GOAL OF THE EXERCISE: Once the line holding "The image is" is found in the entries below, restate it and each line after it word for word, with no pictures.

MATERIAL FOR THIS EXERCISE:
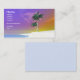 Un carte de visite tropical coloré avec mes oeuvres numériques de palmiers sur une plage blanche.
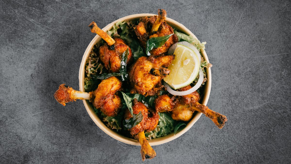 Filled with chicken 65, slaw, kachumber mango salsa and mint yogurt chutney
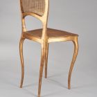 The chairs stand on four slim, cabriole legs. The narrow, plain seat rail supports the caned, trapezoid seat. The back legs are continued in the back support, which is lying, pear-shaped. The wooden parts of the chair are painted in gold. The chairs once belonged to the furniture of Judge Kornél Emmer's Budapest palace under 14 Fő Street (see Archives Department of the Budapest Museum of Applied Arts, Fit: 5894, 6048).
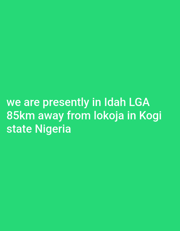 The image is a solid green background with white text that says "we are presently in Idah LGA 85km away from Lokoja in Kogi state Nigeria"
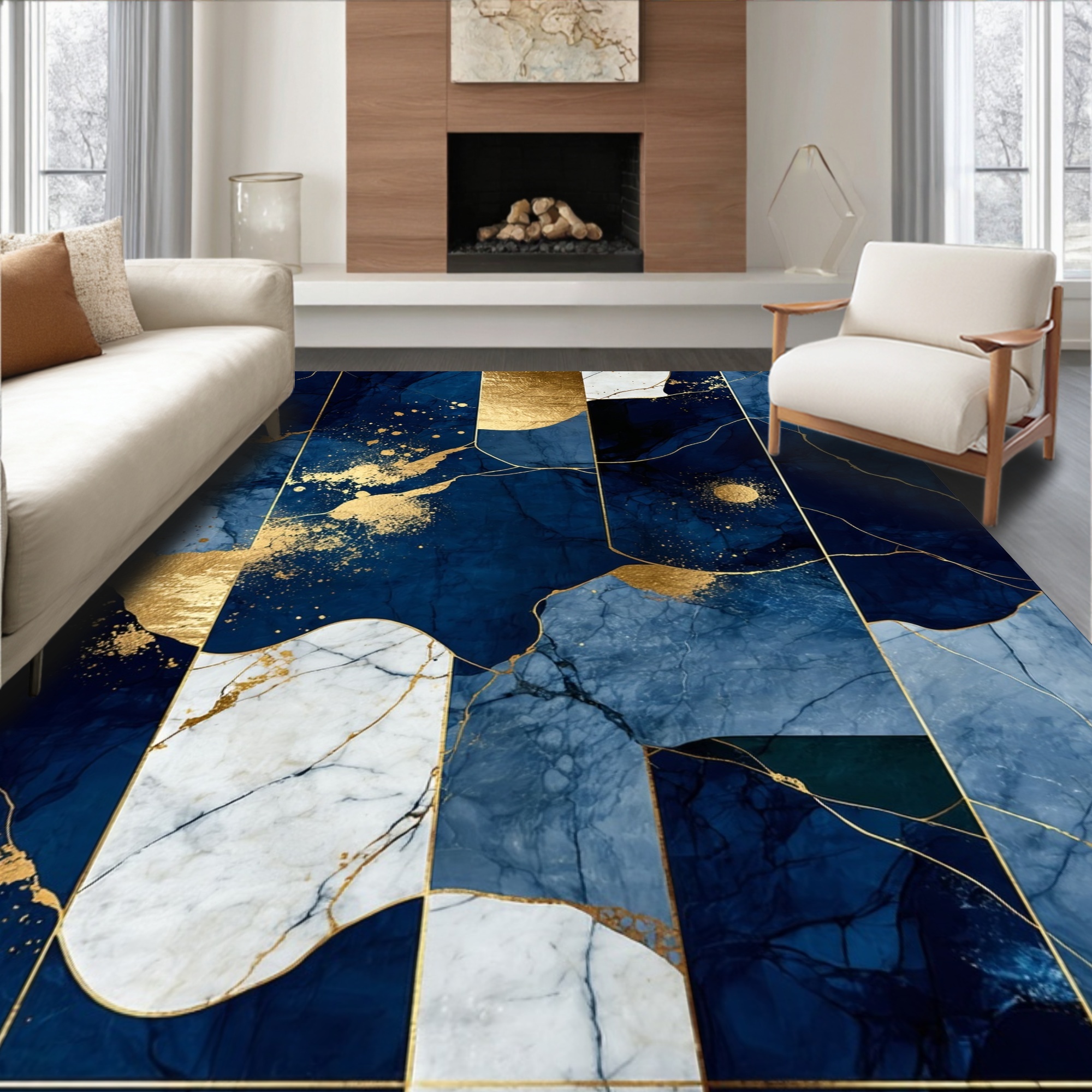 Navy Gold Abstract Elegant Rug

EXERCISE RESULT:
 The image is a solid green background with white text that says "we are presently in Idah LGA 85km away from Lokoja in Kogi state Nigeria"
 Navy Gold Abstract Elegant Rug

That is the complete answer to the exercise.